Modern human inhabitants of Tibet owe their ability to thrive in high altitudes to a gene passed to them by our early human ancestors, new research has revealed.
Inhabitants of the Tibetan plateau, at over 4000m, live at some of the highest settlements in the world. But unlike non-natives, who tolerate this environment poorly and suffer high rates of altitude sickness, low birth weigh and pre-eclampsia, these individuals appear uniquely adapted to their homes at high relief. Most significantly, they don't respond to low oxygen conditions by producing excessive amounts of haemoglobin, as other individuals do.
Now scientists know why: they carry a unique form of a gene called EPAS1, passed to them by a primitive human ancestor who left Africa more than half a million years ago.
The discovery, announced this week in Nature, was made by University of California, Berkeley, scientist Rasmus Nielsen. Together with colleagues in China, he and his team compared the DNA sequences of 40 Tibetan natives with 40 Han Chinese.
Consistently, differences cropped up in the EPAS1 gene, which previous studies have shown is strongly activated by exposure to low-oxygen and has been linked previously to a superior ability to deliver oxygen to tissues in athletes.
But the story has a further thrilling twist, because when the researchers ran the genetic sequence of the Tibetan EPAS1 gene through a DNA database of published gene signatures, a direct match turned up. The sequence matched precisely the EPAS1 gene carried by an early human species called the Denisovans, who lived between 600,000 and 40,000 years ago and for which the genetic sequence has been assembled from DNA extracted from a tooth and a finger bone.
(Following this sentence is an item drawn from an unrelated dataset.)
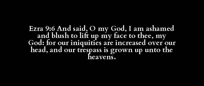Ezra 9:6 And said, O my God, I am ashamed and blush to lift up my face to thee, my God: for our iniquities are increased over our head, and our trespass is grown up unto the heavens.

Since other modern human populations do not carry this gene variant, the most plausible explanation is that when modern humans arrived in Tibet, they interbred with the Denisovan locals, assimilating into their genetic makeup genes like the Denisovan EPAS1 which could provide a strong evolutionary advantage in the harsh habitat they now called home.
According to Nielsen and his colleagues, "our findings imply that one of the most clear-cut examples of human adaptation is likely to be due to gene flow from archaic hominins into modern humans..."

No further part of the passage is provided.